Hacker Newsnew | past | comments | ask | show | jobs | submitlogin

PDF files, and why the heck they are so slow to read. Hours upon hours of perf(1) and fiddling with ugly things in C. My main takeaway is everyone in the world is doing things HORRIBLY wrong and there's no way to stop them.

(Digression: did you know libpng, the one everyone uses, is not supposed to be an optimized production library—rather it's a reference implementation? It's almost completely unoptimized, no really, take a look, anywhere in the codebase. Critical hot loops are 15 year old C that doesn't autovectorize. I easily got a 200% speedup with a 30-line patch, on something I cared about (their decoding of 1-bit bilevel to RGBA). I'm using that modified libpng right now. I know of nowhere to submit this patch. Why the heck is everyone using libpng?)

The worst offender (so far) is the JBIG2 format (several major libraries, including jbig2dec), a very popular format that gets EXTREMELY high compression ratios on bilevel images of types typical to scanned pdfs. But: it's also a format that's pretty slow to decompress—not something you want in a UI loop, like a PDF reader is! And, there's no way around that—if you look at the hot loop, which is arithmetic coding, it's a mess of highly branchy code that's purely serial and cannot be thread- nor SIMD- parallelized. (Standardized in 2000, so it wasn't an obvious downside then). I want to try to deep-dive into this one (as best as my limited skill allows), but I think it's unlikely there's any low-hanging optimization fruit, like there's so much of in libpng. It's all wrong that everyone's using this slow, non-optimizable compression format in PDF's today, but, no one really cares. Everyone's doing things wrong and there is no way to stop them.

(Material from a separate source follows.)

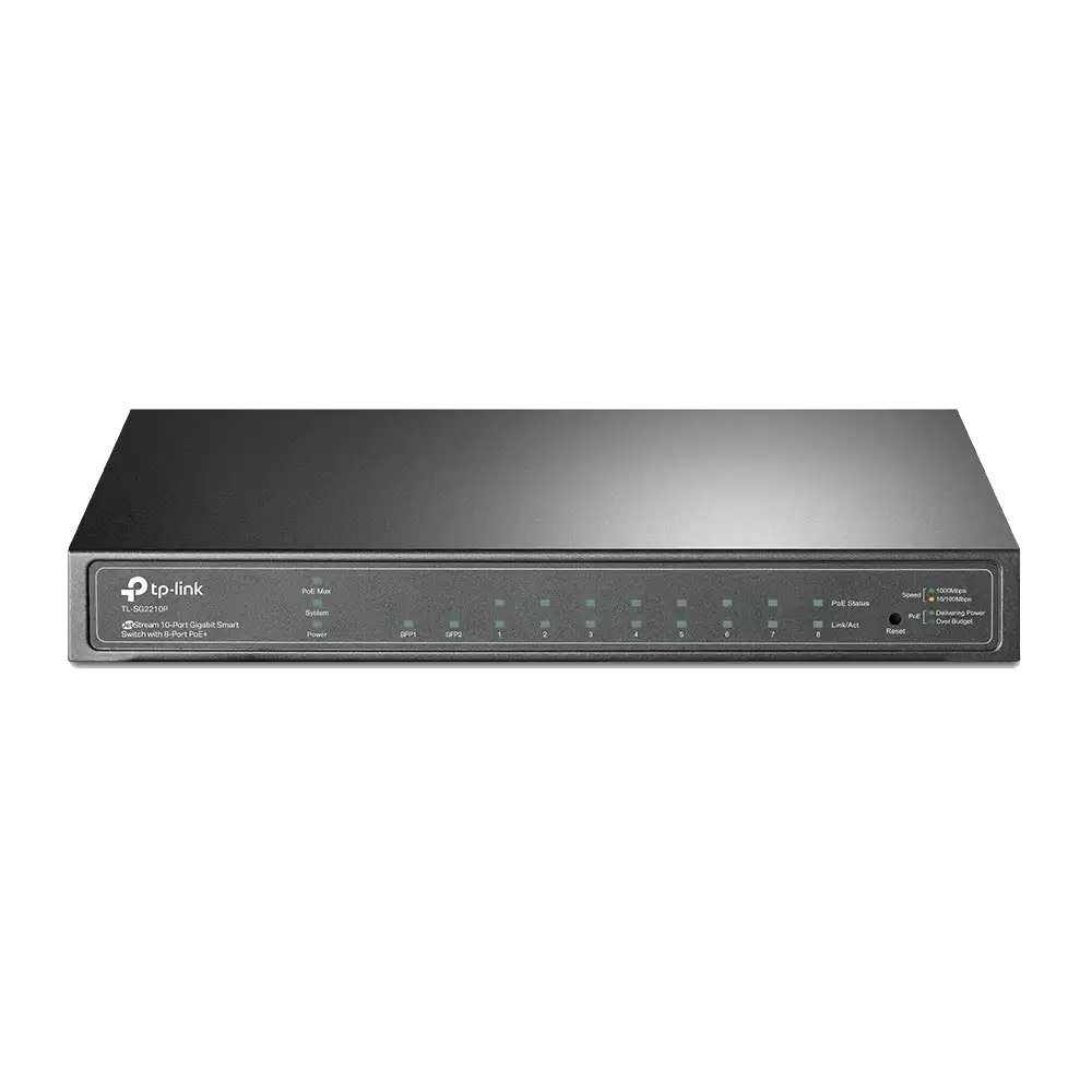 El switch inteligente gigabitl tl-sg2210p de TP-Link está equipado con 8 puertos RJ45 gigabit y 2 ranuras SFP, todos los puertos RJ45 soportan el estándar de PoE con una energía PoE total disponible de 53w y características útiles de administración de energía PoE. El switch proporciona un alto desempeño, QoS a nivel empresarial, estrategias de seguridad útiles y características de administración de capa 2. Lo que es más, su interfaz fácil de usar de administración a través de internet significa un ajuste y configuración más rápidos con menos tiempo muerto, proporcionando la solución ideal para su red del negocio.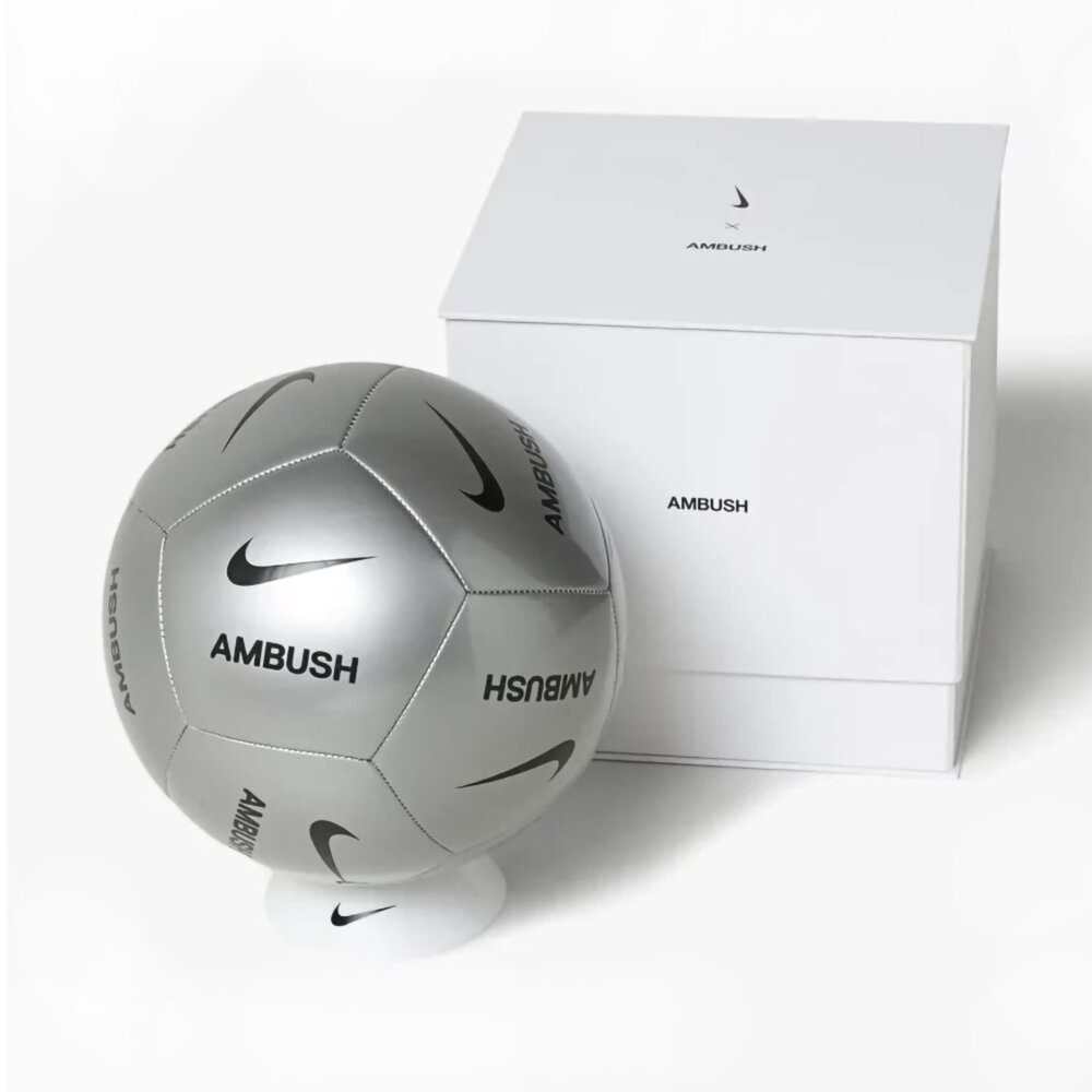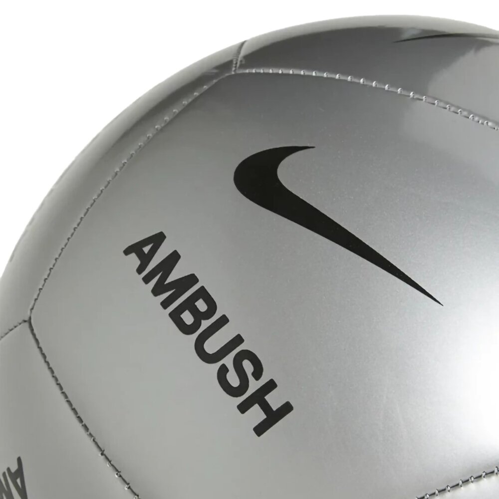 Nike x AMBUSH Pitch足球採用金屬銀色處理。合作印刷的品牌標誌貫穿始終,起到畫龍點睛的作用。

Another observation: lots of people create PDF's at print-quality pixel density that's useless for screens, and greatly increases rendering latency. Does JBIG2 support interlacing or progressive decoding, to sidestep this challenge? Of course it doesn't.

Everyone's doing PDF things wrong and there is no way under the blue sky to make them stop.



> The worst offender (so far) is the JBIG2 format (several major libraries, including jbig2dec), a very popular format that gets EXTREMELY high compression ratios on bilevel images of types typical to scanned pdfs. But: it's also a format that's pretty slow to decompress—not something you want in a UI loop, like a PDF reader is! And, there's no way around that—if you look at the hot loop, which is arithmetic coding, it's a mess of highly branchy code that's purely serial and cannot be thread- nor SIMD- parallelized.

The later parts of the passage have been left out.